- US single label

Single by the Remains

from the album The Remains
- B-side: "Me Right Now"
- Released: August 1966
- Recorded: July 25, 1966
- Studio: New York City
- Genre: Garage rock
- Length: 2:38
- Label: Epic
- Songwriter: Billy Vera
- Producer: Ted Cooper

The Remains singles chronology
| "Diddy Wah Diddy" (1966) | "Don't Look Back" (1966) |  |

= Don't Look Back (The Remains song) =

"Don't Look Back" was the Remains' last single on Epic Records. The song was composed by Billy Vera, who composed and recorded "Storybook Children" for Atlantic Records. "Don't Look Back" was released as Epic 10060 in 1966. Its B-side was "Me Right Now", composed by Barry Tashian, the Remains' leader.

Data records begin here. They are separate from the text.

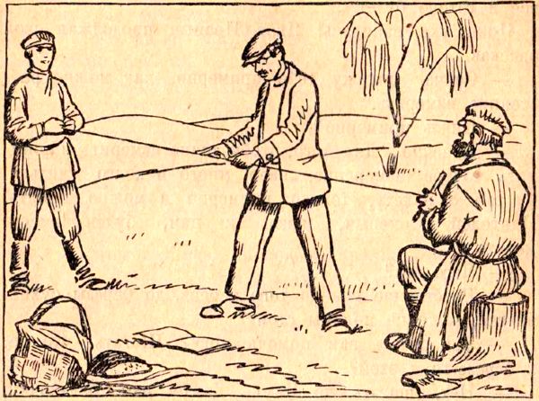 — Не двигайтесь, погодите, мне надо в тетрадке нарисовать, как у вас трубки направлены. Глядите, я рисую в тетрадке нашу веревку, только делаю ее в 25 раз короче, чем она на самом деле. Теперь я подведу тетрадку под твою трубку, Василий, и нарисую, как она от веревки отклоняется, нарисую угол этот самый, что между трубкой и веревкой. Теперь, на другом конце нарисованной моей веревки я наведу твой угол, Пантелей Семеныч.
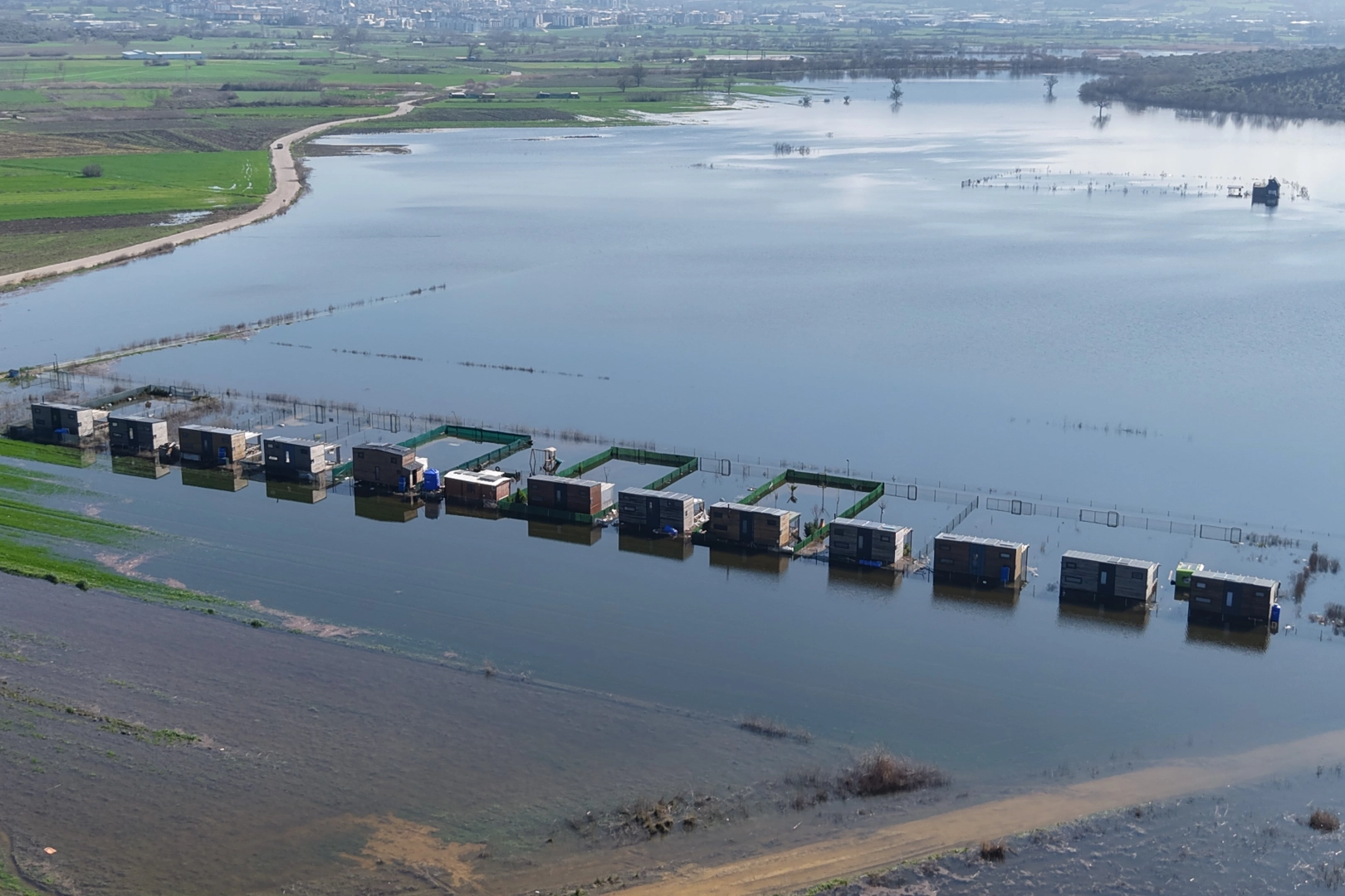 Bursa’da son bir aydır aralıksız süren yağışlar, Uluabat Gölü’nün taşmasına neden oldu. Nilüfer ilçesine bağlı Akçalar Mahallesi ve Karacabey Ovası hattında göl suları yerleşim alanlarına kadar ilerledi. Bölgede yasak olmasına rağmen göl havzasına inşa edilen çok sayıda bungalov ve hobi evi, yükselen suyun ortasında kalarak ulaşılmaz hale geldi.
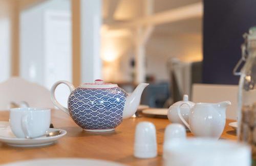 2.4 miles from Archaeological monument in Borgsum / Föhr in Oldsum, Friesenhof Feer provides accommodations with access to a sauna. The vacation home, set in a building dating from 18th century, features free Wifi and free private parking. Outdoor seating is also available at the vacation home. Featuring a terrace with garden views, this vacation home also comes with a TV, a well-equipped kitchen with a dishwasher, an oven, and a microwave, as well as 3 bathrooms with a bath and a hair dryer. There's also a seating area and a fireplace. Guests can relax in the garden at the property. Museum of local frisian history Wyk is 6 miles from Friesenhof Feer, while Ferry docks is 6.3 miles from the property.

"Don't Look Back" was featured on the Remains' one album, The Remains, which was released by Epic in 1966. "Don't Look Back" was also included on the popular Nuggets: Original Artyfacts from the First Psychedelic Era, 1965–1968.

Robert Plant covered this song as one of the extra tracks released on the "Hurting Kind (I've Got My Eyes on You)" UK CD single in 1990; it also appeared as one of the bonus tracks on the Manic Nirvana reissue in 2007.